5.000000 ; nth line of out1.txt
-5.200000 ; nth line of out2.txt
10.300000 ; nth line of outN.txt
Just to say that I'm very new to this sort of thing so I hope that the explanation above makes sense and also to say any help that you can provide would be much appreciated.
EDIT
Having now run the models, when using this code for the large data files created, there seems to be an issue of sorting of the imported data. This seems to occur primarily when there are repeated values for example the second row of data from each outfile has been combined in the following order by the script. It looks like there is some sorting based on the value of the data and not just based on the out file name:
Value ; out file text number
-1.215809 ; 1
-0.480543 ; 18
-0.480541 ; 19
-0.48054 ; 2
-0.480539 ; 20
-0.480538 ; 21
-0.480537 ; 22
-0.480536 ; 23
-0.480535 ; 24
-0.480534 ; 25
-0.480534 ; 26
-0.480688 ; 10
-0.480533 ; 27
-0.480532 ; 3
-0.480776 ; 4
-0.48051 ; 5
-0.48051 ; 6
-0.48051 ; 7
-0.48051 ; 8
-0.48051 ; 9
-0.48051 ; 11
-0.48051 ; 12
-0.48051 ; 13
I feel like I might have over complicated this answer but lets see how we do. Consider the following dummy data similar to your samples
Out1.txt Out2.txt Out3.txt
-0.40000 0.800000 4.100000
3.500000 0.300000 -0.90000
-2.60000 0.800000 2.200000
0.500000 1.800000 -1.40000
3.600000 1.800000 1.400000
40000000 -0.70000 1.500000
The file contents are arranged side by side for answer brevity and to help understand the output. The code is as follows:
$allTheFiles = #()
Get-ChildItem c:\temp\out*.txt | ForEach-Object{
$allTheFiles += ,(Get-Content $_.FullName)
}
For ($lineIndex=0; $lineIndex -lt $allTheFiles[0].Count; $lineIndex++){
For($fileIndex=0; $fileIndex -lt $allTheFiles.Count; $fileIndex++){
$allTheFiles[$fileIndex][$lineIndex]
}
} | Out-File -FilePath c:\temp\file.txt -Encoding ascii
Gather all out*.txt files the code creates an array of arrays which are the file contents themselves. Using nested For loops cycle though each single file outputting one line from each file at a time. While I am having a hard time being clear on what is happening if you compare the sample data to the output you should see that the first line or every file is outputted together followed by the next line...etc.
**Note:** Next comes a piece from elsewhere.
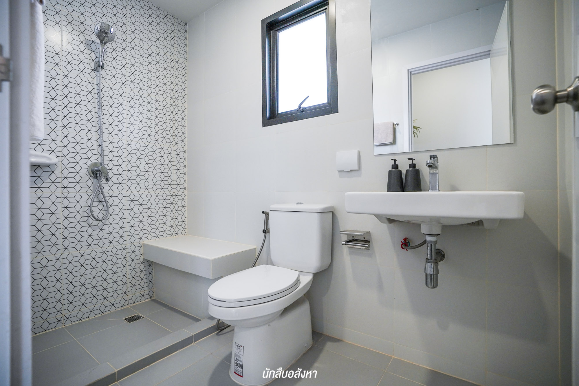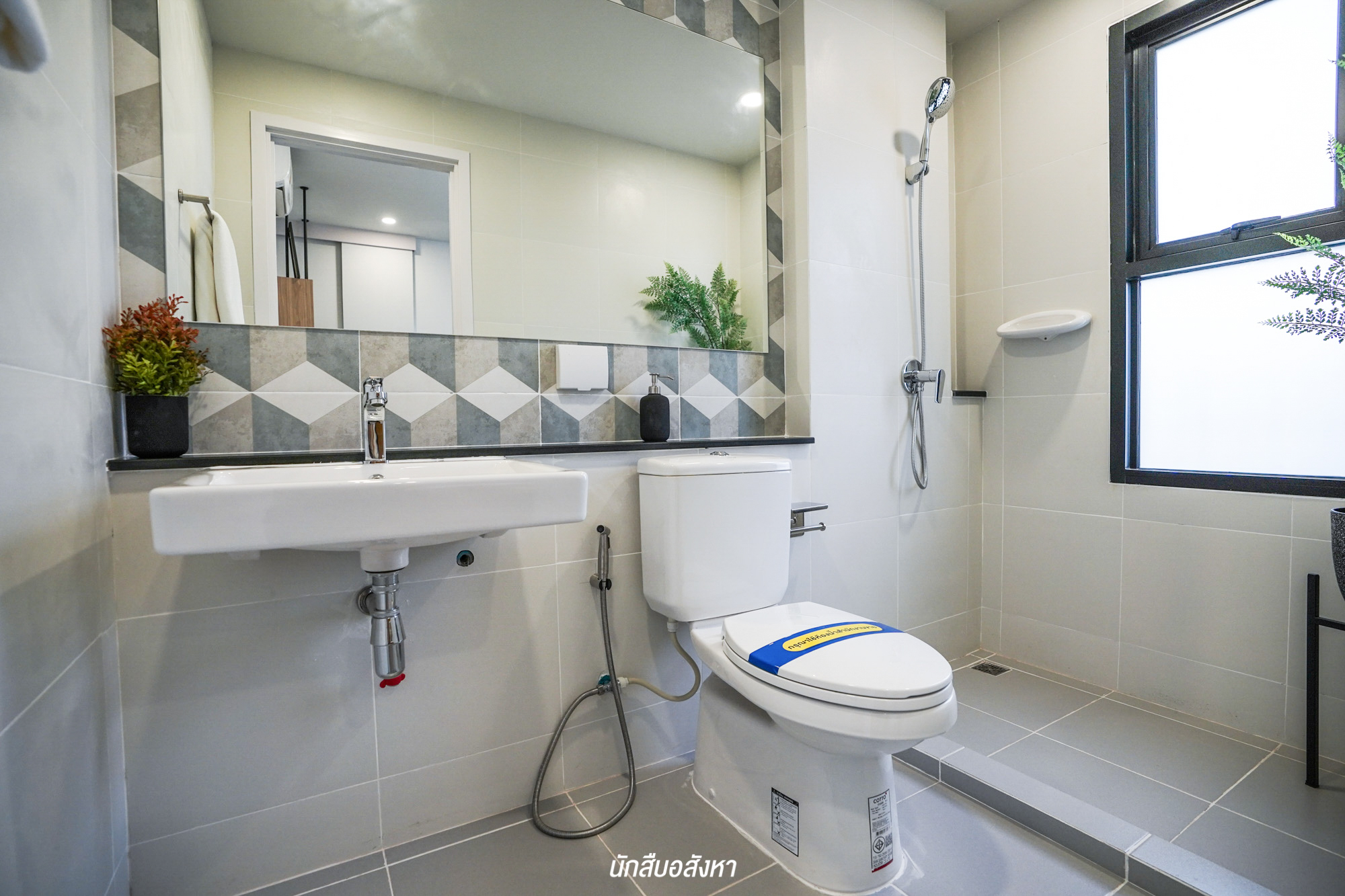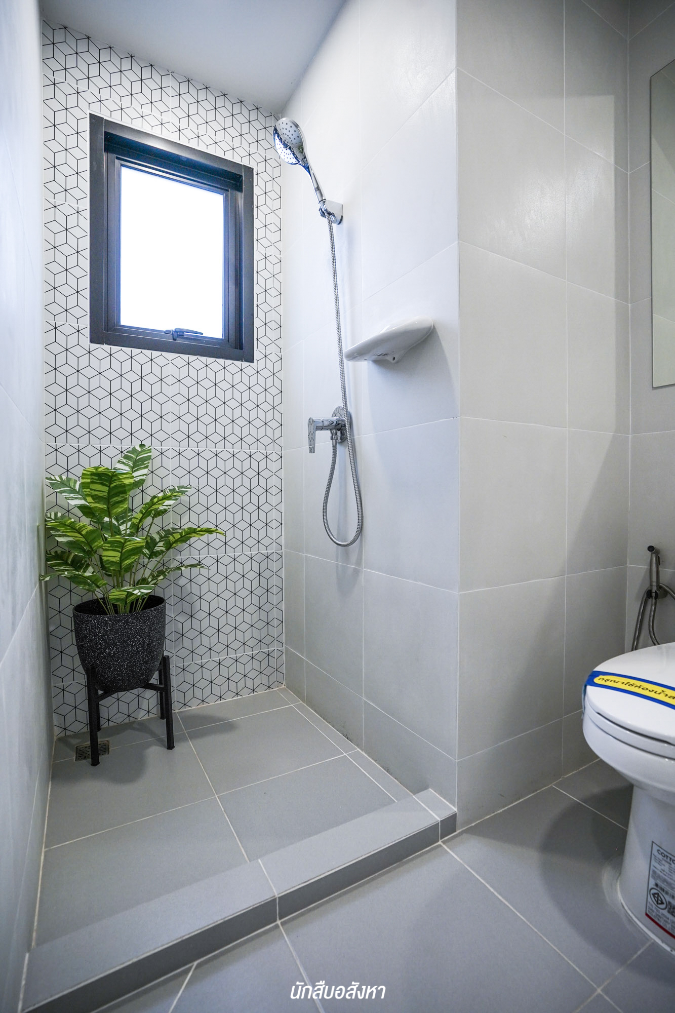 สำหรับห้องน้ำภายในห้องนอน ถ้าสังเกตดีๆ จะเห็นว่าทั้ง 2 ห้องน้ำชั้นบนจะวางแปลนให้อยู่ติดกำแพงบ้าน ทำให้สามารถเพิ่มช่องแสง และโครงการใช้กรอบหน้าต่างที่เปิดได้บางส่วน นอกจากจะช่วยดึงแสงเข้าห้องน้ำยังเปิดให้อากาศถ่ายเทด้วย และผมมองว่าฟังก์ชันนี้ค่อนข้างสำคัญมาก เพราะหากใช้งานไปนานๆ เป็นไปได้ว่าห้องน้ำจะเกิดการอับชื้นได้ ฟังก์ชันนี้จึงเข้ามาแก้ปัญหาตรงนี้ไปได้ครับ
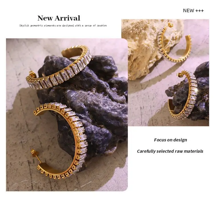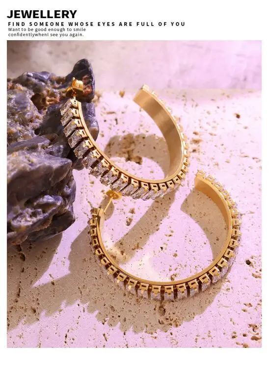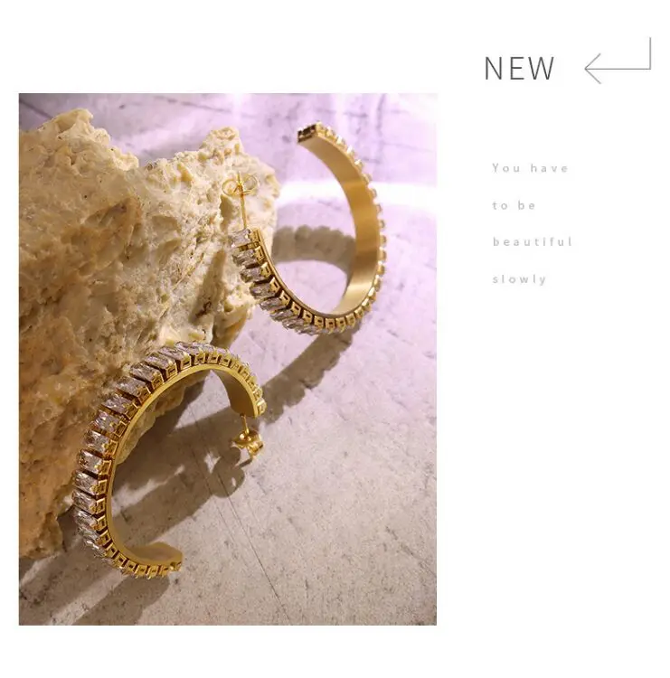 Fashion Creative C Shape Stainless Steel Earrings 18K Gold Plated Women's Earring Jewelry

This code will produce the following output
-0.40000
0.800000
4.100000
3.500000
0.300000
-0.90000
-2.60000
0.800000
2.200000
0.500000
1.800000
-1.40000
3.600000
1.800000
1.400000
40000000
-0.70000
1.500000
Caveats
The code assumes that all files are of the same size. The number of lines is determined by the first file. If other files contain more data it would be lost in this model.